History of the Text
Romanticism in England: Romanticism was an intellectual and artistic movement that arose in Europe in the late 18th century. It began in Germany in the hands of poets and scholars such as Johann Wolfgang von Goethe (1749–1832) and Friedrich Schiller (1759–1805). These German thinkers sought a fresh perspective that could counter the Enlightenment, the movement that had dominated European intellectual life in the 18th century.
- The Enlightenment favored a rational and empirical view of the world. Indeed, the Enlightenment arrived hand in hand in with the Scientific Revolution. The birth of the modern sciences gave rise to an attitude that humanity’s best path forward is the pursuit of ever-more-precise models of the universe.
The Romantics were repelled by the Enlightenment’s mechanistic view of things, as well as the religious and superstitious doctrines that preceded the Enlightenment. Thus, the Romantics learned to derive meaning from the experiences and feelings of the individual. As a result, it became a movement of poets, painters, and composers.
- Romanticism came to England in the 1790s, due to the efforts of William Wordsworth (1770–1850) and Samuel Taylor Coleridge (1772–1834). These two English poets were deeply influenced by the German Romantics and introduced Romanticism to the English literary world with the publication of Lyrical Ballads in 1798.
The Life and Poetry of John Keats: John Keats (1795–1821) lived a remarkably short and remarkably creative life. He was born in London to working-class parents. Keats’s father died when he was nine years old, and his mother left the family shortly thereafter.
- These early abandonments left Keats and his brothers, George and Thomas, responsible for themselves. As a result, he decided to train as an apothecary, hoping to secure a stable profession. The onset of tuberculosis in Thomas deepened Keats’s need for dependable income. However, his literary ambitions complicated his desire for stability. Since his childhood, Keats had been a passionate reader of the classics.
- In his late adolescence, he began to write a great deal of poetry, much of it infused with the classical images and themes that had enraptured him as a boy. The first accomplished poem Keats wrote, the 1816 sonnet “On First Looking into Chapman’s Homer,” directly reflects his classical readings. In the following year, Keats decided to devote himself to his poetry. He ended his medical training and rented a room in Hampstead Heath in northern London. In Hampstead, he composed and studied poetry with single-minded intensity. Though his first great effort—the epic poem Endymion—proved somewhat lackluster, he soon found his stride in a series of powerful sonnets and odes.

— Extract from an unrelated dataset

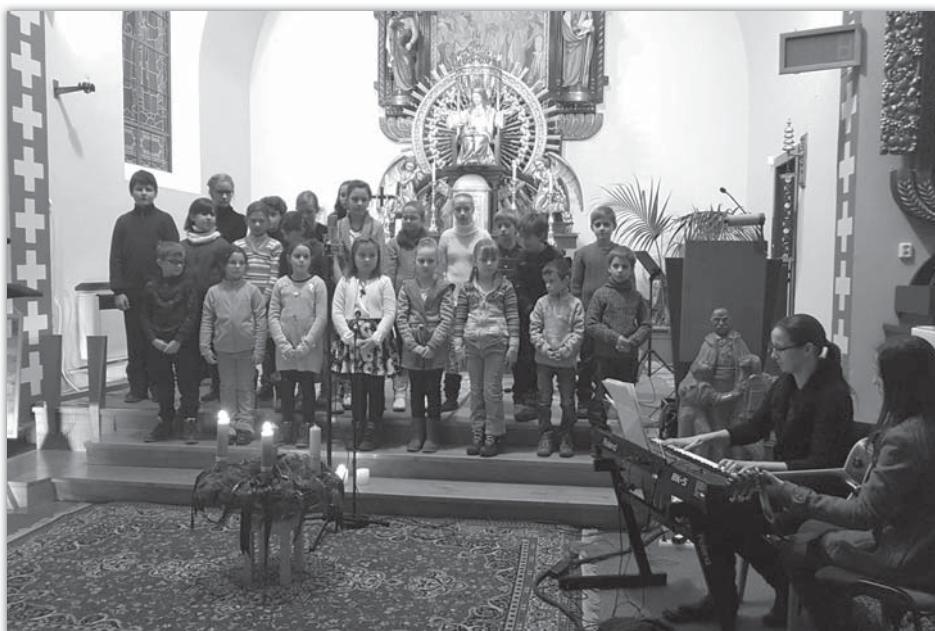
Misijní koncert – 10. 12. 2017

- In the spring of 1819, Keats wrote the five odes for which is arguably best known: “Ode on a Grecian Urn,” “Ode on Indolence,” “Ode on Melancholy,” “Ode to a Nightingale,” and “Ode to Psyche.” Keats published “Ode to a Nightingale” in the July 1819 issue of Annals of the Fine Arts. All of the odes were collected in Keats’s 1820 volume Lamia, Isabella, The Eve of St. Agnes, and Other Poems. This volume brought a change in Keats’s critical reception. Whereas Endymion had been broadly panned, Keats’s volume of lyric poetry was met with a number of favorable reviews. However, Keats’s poetry never received a great deal of renown or attention during his lifetime.
- Keats’s productive period in 1819 and 1820 was ultimately a high-water mark. Keats had contracted tuberculosis, mostly likely from Thomas, and in 1820 his health began to decline rapidly. Late in that year, his friend Joseph Severn traveled with him to Italy in the hopes that the dry climate would soothe his illness. Keats died in Rome in February 1821. He is buried in a Protestant cemetery there. His gravestone reads, “Here lies one whose name was writ in water.”